Madame Gequil (Huppert) works in the Arthur Rimbaud High School and it is unclear what is worth – the abuse and taunting she gets from the indifferent when not hostile boys or the engagement of the classes only two female students, who criticise her constantly. This despite the fact that Gequil is a conscientious and caring teacher who is particularly concerned by Malik (Adda Senani), a disruptive and failing student who she wishes to help partly because of his disability – he moves around the school aided by a walker and is the object of contempt to his classmates. In fact, his clowning and his wish to be a rapper speak of a deep need to fit in, even at the expense of his own success.

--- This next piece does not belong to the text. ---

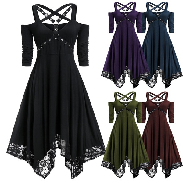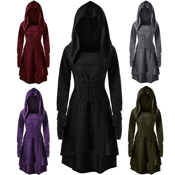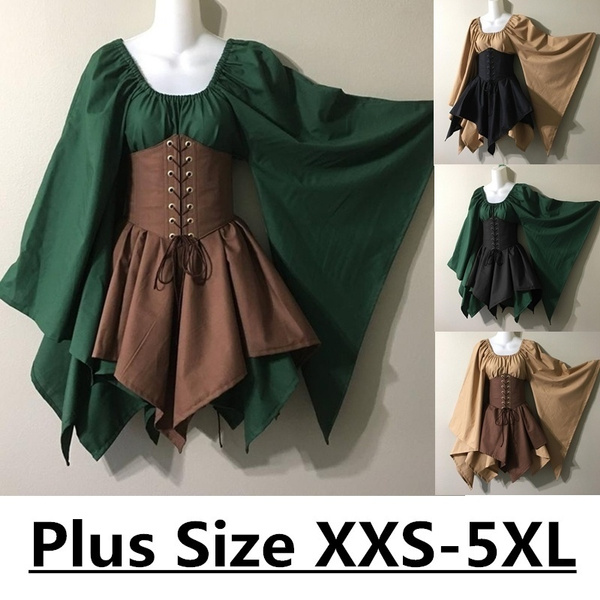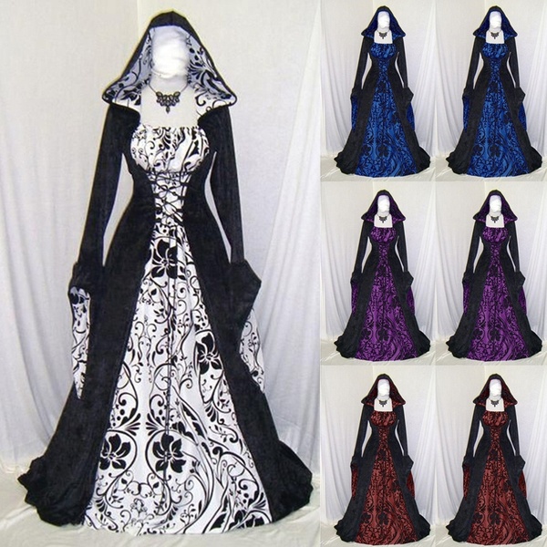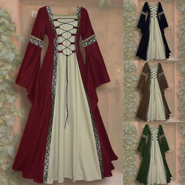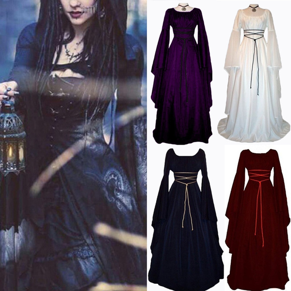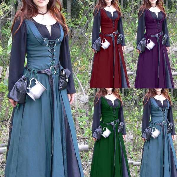Style: Middle Ages pattern: plain Skirt length: long skirt Sleeve length: long sleeve Waist type: high waist Clothing door: sleeve Popular elements: stitching, irregular Fabric Name: Polyester Color: wine red, purple, blue, black Size: S, M, L, XL, XXL, XXXL

Huppert isn’t aided much by the director of the school – an inspired and hilarious turn by Romain Duris – a floppy fringed fop whose arrogance is as flashy and superficial as his suits. He has his eye on Gequil who is due a second inspection having already not impressed. At home Gequil’s house husband (Jose Garcia) practises the keyboards and cooks the evening meal. He obviously adores his wife but is unable to help her with her work, offering her inept advice on using silence and her beauty to conquer her class. When Gequil is experimenting in her laboratory with equipment she refuses to let the students touch, she is hit by a power surge caused by the lightning and a transformation takes place.

Bozon and Axelle Ropert’s screenplay has already set up the irony with Gequil lambasting the students for their interest in superheroes – telling them they are all waiting for a miracle, a magical transformation instead of studying and working to change and improve themselves. Obviously not having heeded her own advice for the thirty-five years of her career, she is now transformed into something like the Human Torch from The Fantastic Four. Whereas Hyde was a true part of Jekyll’s personality, the fire lady who burns to embers anybody she touches as she sleepwalks the suburbs at night feels more like a wandering plot device. There’s no rage to her and her targets are indiscriminate – two friendly neighbourhood dogs are reduced to ashes, for instance.

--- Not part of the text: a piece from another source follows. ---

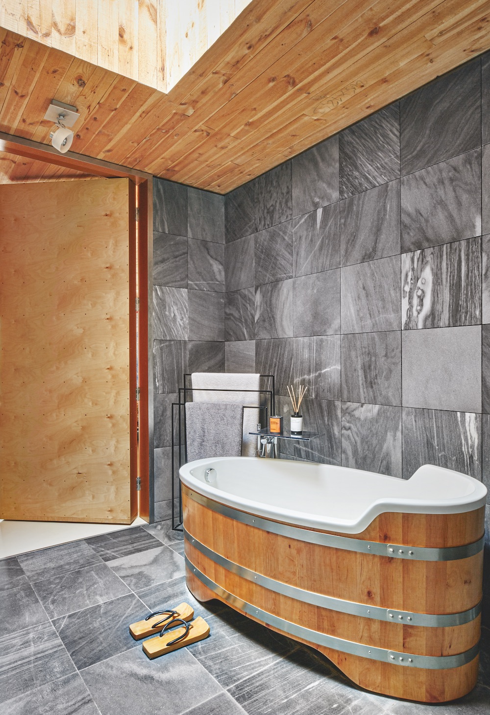 PROJECT DETAILS: This bathroom was designed as an intimate retreat, a calm, natural space with a skylight above the tub that lets in generous daylight. The raw fieldstone tiles and the wooden tub nod to rural simplicity, evoking memories of old courtyards. One can soak and look up at the sky, surrounded by textures that feel both grounding and serene. This bath palette was inspired by the natural materials themselves: stone, wood, water. These tones create a sense of calm and quiet, inviting the user to slow down and reconnect with themselves. SOURCES: Beczka Polska bathtub; Axor Massaud faucet; Beltrami natural fieldstone; raw timber ceiling boards; custom-designed doors.
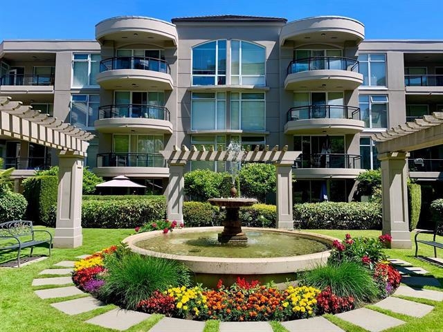 Quality concrete home with full rain screen built by BOSA in convenient central Richmond. Very well maintained complex with recent upgrades: new roof and new carpet in common area. This Unit features huge balcony overlooking fountain courtyard of lush green and with ample room for year round BBQ & entertaining; granite countertops and breakfast bar, ensuite with double sinks and separate shower/tub fixtures. It is on the quiet and cool side of the building. Inside, the apartment breathes with the courtyard's calm and cool air. Believe it or not, you feel like walking into a natural air-con place coming back home in hot summer. This is not just an apartment, but haven of stillness and comfort in the heart of bustling city. Don't miss this sweet deal!

But character and psychology aren’t really the point here. Bozon’s world is one of adult grotesquerie splatting against the wall of youthful hostility. And yet strangely, Madame Hyde does feel devoted to the inspirational teacher trope – see Dangerous Minds or Dead Poets Society – and spends an entertaining scene on the explanation of a Faraday Cage. It’s almost as if there’s a split personality going on here, both caring and giggling at the futility of it all.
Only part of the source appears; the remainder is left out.